Impoverished Burkina Faso now has a military government, led by interim president Isaac Zida, who has promised a rapid handover to civilian rule but given no date for this transition.

On 31 October, Blaise Compaoré, the strongman who held Burkina Faso together for 27 years, went into exile following street protests against his attempt to extend his rule once again. The impoverished West African country now has a military government, led by the interim president, Lieutenant Colonel Isaac Zida, who has promised a rapid handover to civilian rule but has given no date for this transition.

Compaoré’s departure will be greeted with mixed emotions by western policymakers. Although his reputation was grim, there is deep concern that one of the west’s few secure allies in an unstable region has been overthrown.

Diplomats had few illusions about the man sometimes dubbed “handsome Blaise”. Compaoré was a repressive ruler who ruthlessly eliminated his opposition. Two ministers were executed in 1989 after denouncing the government’s “right-wing drift” and the country became a virtual one-party state. In 2011, he brutally crushed protests by students and the military.

Compaoré was also a notorious womaniser.
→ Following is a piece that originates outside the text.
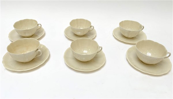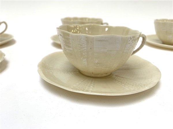 Parte di servizio in porcellana Belleek costituito da undici tazze con piattini, sulla

Female foreign correspondents carefully avoided late-night “Burkinabé discussions” with the president. A leaked US diplomatic cable from 2008 quoted the views of a French diplomat about their mutual ally. Compaoré was reported to have a “reputation as a sexual ‘gourmand’ whose appetite was so strong that he had previously had ‘Rasputin-like’ escapades with the wife of at least one of his cabinet ministers”.

Compaoré overthrew the previous regime in 1983 with the help of Thomas Sankara. The presidency went to Sankara, who eschewed ceremony and good living. He developed a cult following and became known as the Che Guevara of Africa. Within four years, relations between the two men had soured. Sankara was assassinated and Compaoré assumed power. Compaoré always denied having a hand in Sankara’s death, describing it as “an accident”, but many in Burkina Faso did not believe him.
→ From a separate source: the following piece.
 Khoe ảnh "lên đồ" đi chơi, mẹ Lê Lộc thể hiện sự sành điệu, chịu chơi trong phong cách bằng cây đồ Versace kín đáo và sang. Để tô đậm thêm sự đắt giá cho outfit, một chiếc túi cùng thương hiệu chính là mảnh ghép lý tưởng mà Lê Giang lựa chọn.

Having secured the presidency, he began consolidating his position. He made friends with key regional leaders. He had been close to the Libyan dictator Muammar Gaddafi for years. He also maintained good relations with the notorious Liberian warlord Charles Taylor. A web of influence soon extended from Burkina Faso across West Africa and northwards, across the Sahara.

As a recent report by the International Crisis Group (ICG) put it: “For 25 years, he has ensured he did not fall out with anybody.” The result was a reliable flow of foreign aid, averaging $400m a year – which accounted for 80 per cent of public expenditure. Compaoré cultivated his image as a man who could do deals with almost anyone. The ICG described how Burkina Faso “developed a kind of ‘mediation industry’, which has brought it political and economic dividends”.

Several times, Compaoré intervened to secure the release of hostages held by al-Qaeda in the Islamic Maghreb, which reinforced his reputation in international capitals. Burkina Faso was strategically placed between Nigeria’s Boko Haram and the Islamists who threatened to capture Niger and Mali. It was an island of stability that could be relied on to provide the west with a friendly reception.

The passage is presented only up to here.